§ Try it:
Find the line containing "今年K11 MUSEA延續去年的特色,於尖沙咀海傍設置金色12米高的巨型 Dior" in the listing below. Repeat it exactly, along with each following line up to and including the one containing "北京时间2月28日意大利足球".

§ Source data:

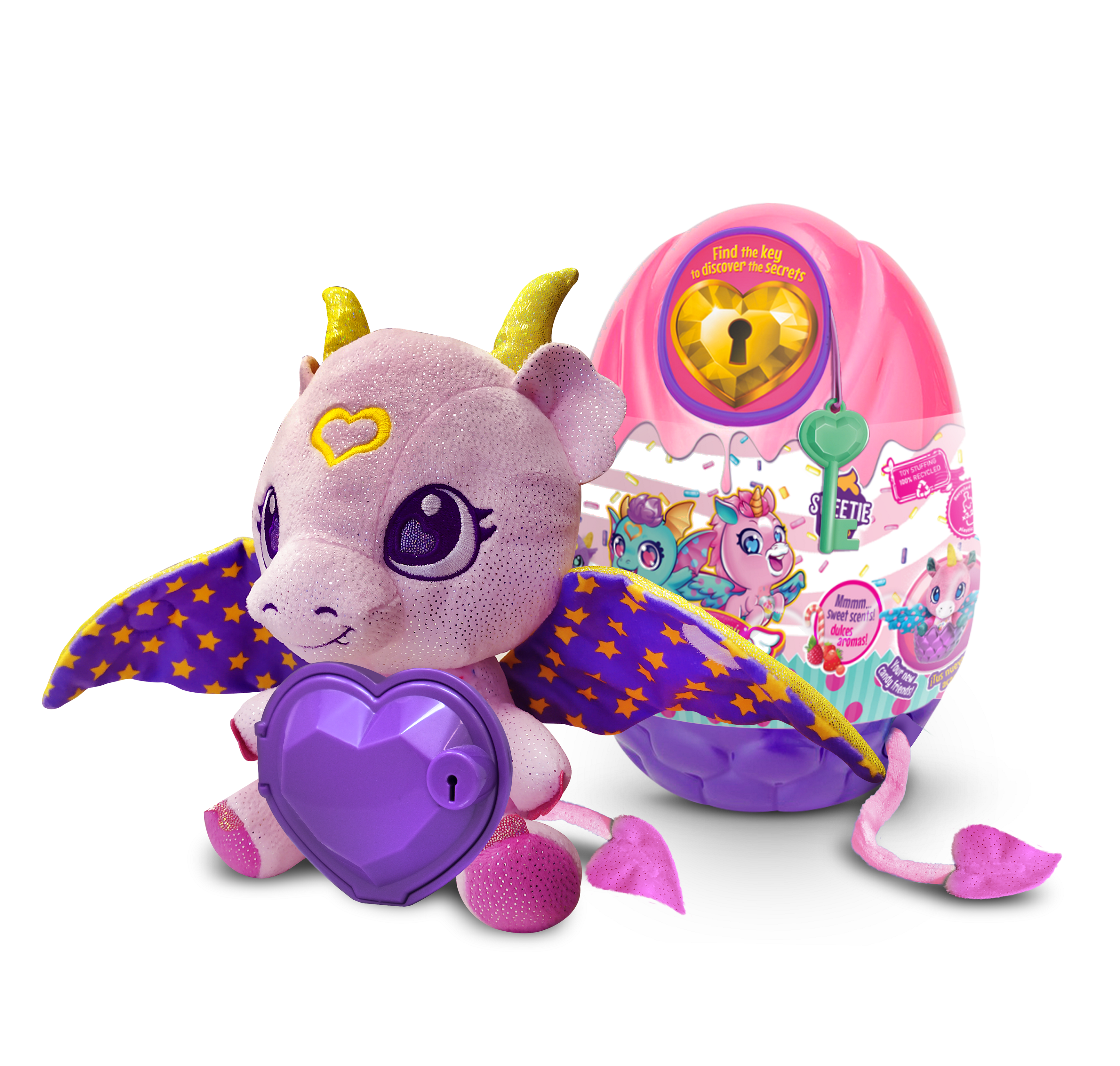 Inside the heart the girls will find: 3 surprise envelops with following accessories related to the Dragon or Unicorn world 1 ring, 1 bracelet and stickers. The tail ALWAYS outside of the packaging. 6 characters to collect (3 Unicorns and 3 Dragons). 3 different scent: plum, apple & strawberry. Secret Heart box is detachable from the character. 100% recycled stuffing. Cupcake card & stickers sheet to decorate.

==

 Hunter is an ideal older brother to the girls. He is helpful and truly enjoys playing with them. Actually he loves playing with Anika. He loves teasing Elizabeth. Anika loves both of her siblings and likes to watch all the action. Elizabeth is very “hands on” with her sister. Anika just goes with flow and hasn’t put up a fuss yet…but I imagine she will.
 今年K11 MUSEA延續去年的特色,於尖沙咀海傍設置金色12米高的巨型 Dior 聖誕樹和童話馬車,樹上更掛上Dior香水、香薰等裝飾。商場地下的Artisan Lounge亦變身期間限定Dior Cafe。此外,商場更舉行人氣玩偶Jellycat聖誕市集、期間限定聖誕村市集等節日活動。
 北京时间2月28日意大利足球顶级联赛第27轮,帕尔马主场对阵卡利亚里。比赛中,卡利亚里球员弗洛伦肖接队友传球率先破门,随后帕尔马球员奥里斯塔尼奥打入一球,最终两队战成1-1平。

--

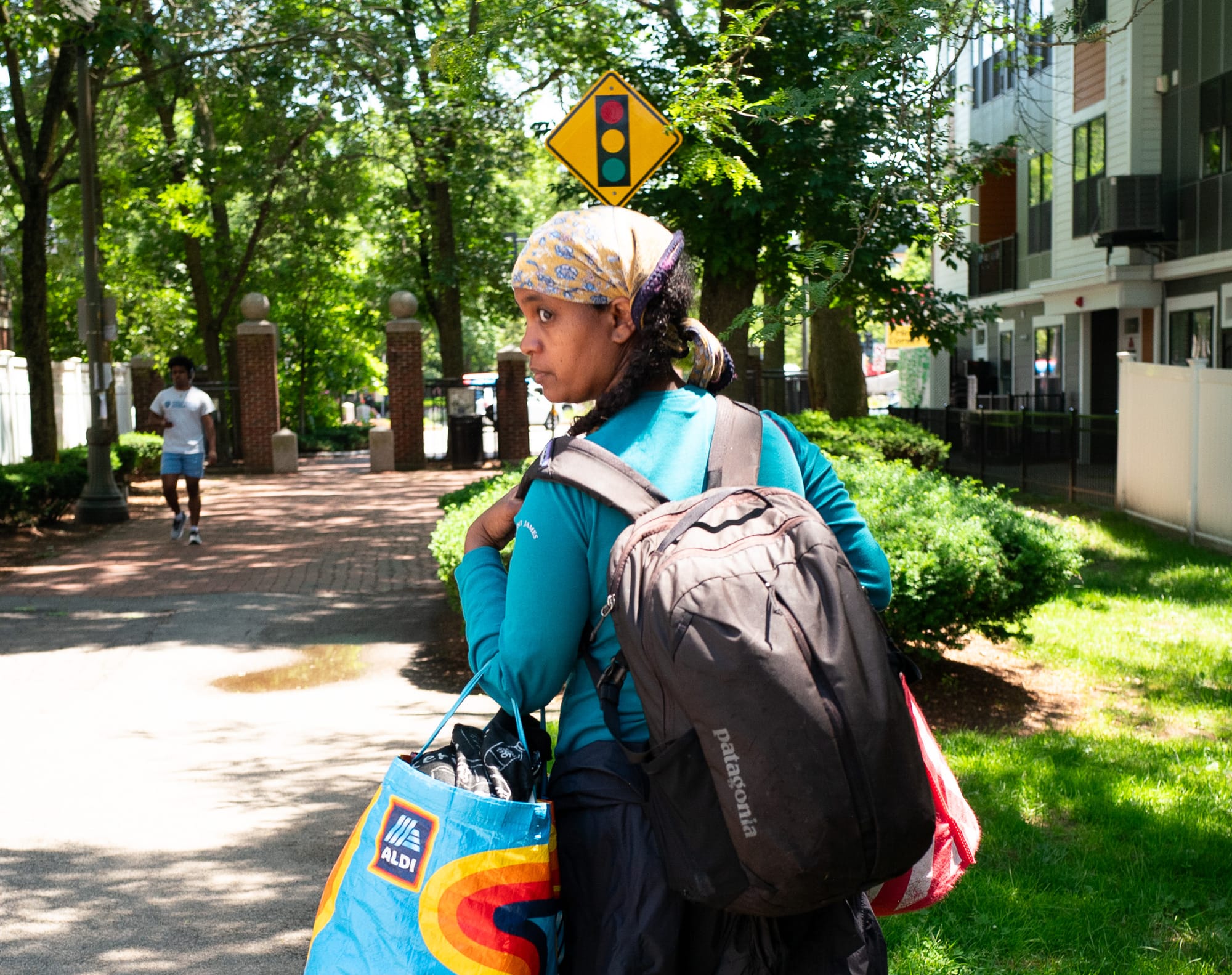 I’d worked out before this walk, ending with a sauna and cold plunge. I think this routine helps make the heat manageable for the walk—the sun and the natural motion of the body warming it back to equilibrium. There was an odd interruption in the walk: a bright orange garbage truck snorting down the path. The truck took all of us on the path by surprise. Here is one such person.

§ Response area:
 今年K11 MUSEA延續去年的特色,於尖沙咀海傍設置金色12米高的巨型 Dior 聖誕樹和童話馬車,樹上更掛上Dior香水、香薰等裝飾。商場地下的Artisan Lounge亦變身期間限定Dior Cafe。此外,商場更舉行人氣玩偶Jellycat聖誕市集、期間限定聖誕村市集等節日活動。
 北京时间2月28日意大利足球顶级联赛第27轮,帕尔马主场对阵卡利亚里。比赛中,卡利亚里球员弗洛伦肖接队友传球率先破门,随后帕尔马球员奥里斯塔尼奥打入一球,最终两队战成1-1平。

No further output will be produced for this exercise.